Gait Recognition from Highly Compressed Videos
Andrei Niculae, Andy Catruna, Adrian Cosma, Daniel Rosner, Emilian Radoi
TL;DR
This work tackles gait recognition from highly compressed surveillance videos by decoupling artifact mitigation from pose estimation. It introduces a two-stage pipeline: automatic generation of degraded training data using high-quality PsyMo videos with ground-truth poses from ViTPose, and a task-adapted artifact-correction module (FBCNN) trained with a frozen HRNet pose estimator to maximize pose accuracy through the loss $L_{AC} = \sum_V \sum_{i=1}^{N} |\hat{p}^*_i - p_i|$. The approach yields superior pose estimation on degraded footage (e.g., AP up to $0.956$) while preserving performance on high-quality data, and it improves downstream gait recognition accuracy compared with direct fine-tuning methods. The results demonstrate that artifact correction guided by a downstream task can reliably improve gait analysis in real-world, low-quality surveillance settings, with potential applicability to broader in-the-wild datasets like DenseGait.
Abstract
Surveillance footage represents a valuable resource and opportunities for conducting gait analysis.
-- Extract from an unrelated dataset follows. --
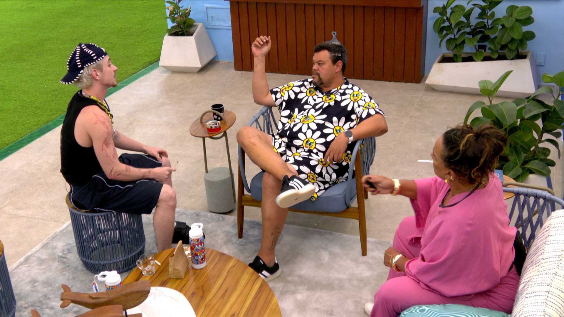 Momentos antes da Eliminação desta terça (10), Babu Santana e Juliano Floss conversam sobre a atitude de uma sister na casa, sem mencionar nomes. O ator acha que, apesar do público gostar de embates, os participantes não devem adotar uma postura combativa o tempo todo.
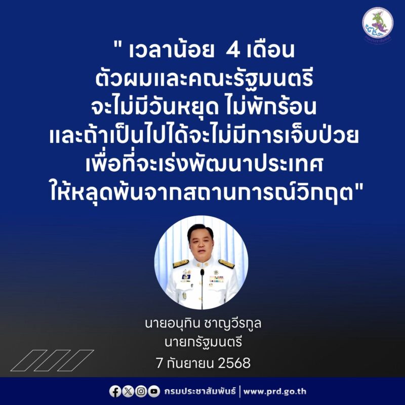 นายกฯ “อนุทิน” ย้ำ 4 เรื่องเร่งด่วน “เศรษฐกิจปากท้อง – ชายแดนไทย – กัมพูชา – ภัยทางธรรมชาติ – ภัยทางสังคม” เผยหลักการทำงานของรัฐบาล ย้ำเรื่องความถูกต้องกฎหมายคลายความกังวลไม่แทรกแซงกระบวนการยุติธรรม และทำงานตอบแทนประชาชนด้วยการทำงานมุ่งประสิทธิภาพและความถูกต้อง

However, the typical low quality and high noise levels in such footage can severely impact the accuracy of pose estimation algorithms, which are foundational for reliable gait analysis. Existing literature suggests a direct correlation between the efficacy of pose estimation and the subsequent gait analysis results. A common mitigation strategy involves fine-tuning pose estimation models on noisy data to improve robustness. However, this approach may degrade the downstream model's performance on the original high-quality data, leading to a trade-off that is undesirable in practice. We propose a processing pipeline that incorporates a task-targeted artifact correction model specifically designed to pre-process and enhance surveillance footage before pose estimation. Our artifact correction model is optimized to work alongside a state-of-the-art pose estimation network, HRNet, without requiring repeated fine-tuning of the pose estimation model. Furthermore, we propose a simple and robust method for obtaining low quality videos that are annotated with poses in an automatic manner with the purpose of training the artifact correction model. We systematically evaluate the performance of our artifact correction model against a range of noisy surveillance data and demonstrate that our approach not only achieves improved pose estimation on low-quality surveillance footage, but also preserves the integrity of the pose estimation on high resolution footage. Our experiments show a clear enhancement in gait analysis performance, supporting the viability of the proposed method as a superior alternative to direct fine-tuning strategies. Our contributions pave the way for more reliable gait analysis using surveillance data in real-world applications, regardless of data quality.